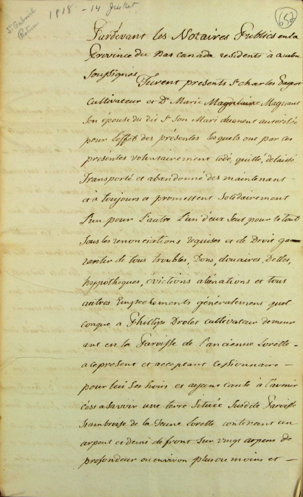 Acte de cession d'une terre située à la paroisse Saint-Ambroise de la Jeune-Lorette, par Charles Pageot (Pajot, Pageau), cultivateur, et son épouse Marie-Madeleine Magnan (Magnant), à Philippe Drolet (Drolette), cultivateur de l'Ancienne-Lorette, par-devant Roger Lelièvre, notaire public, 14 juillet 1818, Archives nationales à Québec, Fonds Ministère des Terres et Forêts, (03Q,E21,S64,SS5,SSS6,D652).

...

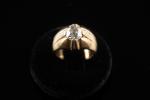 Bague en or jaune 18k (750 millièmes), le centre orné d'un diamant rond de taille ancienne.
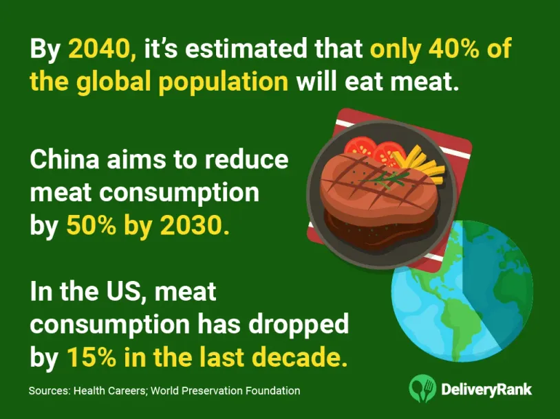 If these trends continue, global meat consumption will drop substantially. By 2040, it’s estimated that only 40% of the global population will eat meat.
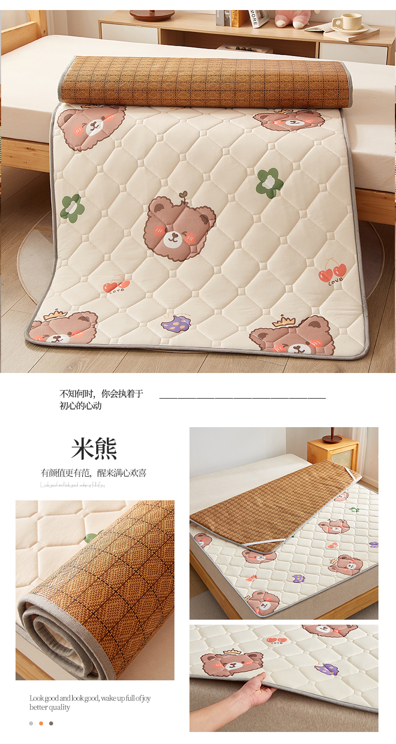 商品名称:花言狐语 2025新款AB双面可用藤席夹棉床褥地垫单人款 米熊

TASK BRIEF: Within the listing above, the lines from the one with "If these trends" through the one with "商品名称:花言狐语 2025新款AB双面可用藤席夹棉床褥地垫单人款 米熊" are to be given again word for word. Do not include pictures.

EXERCISE RESULT:
 If these trends continue, global meat consumption will drop substantially. By 2040, it’s estimated that only 40% of the global population will eat meat.
 商品名称:花言狐语 2025新款AB双面可用藤席夹棉床褥地垫单人款 米熊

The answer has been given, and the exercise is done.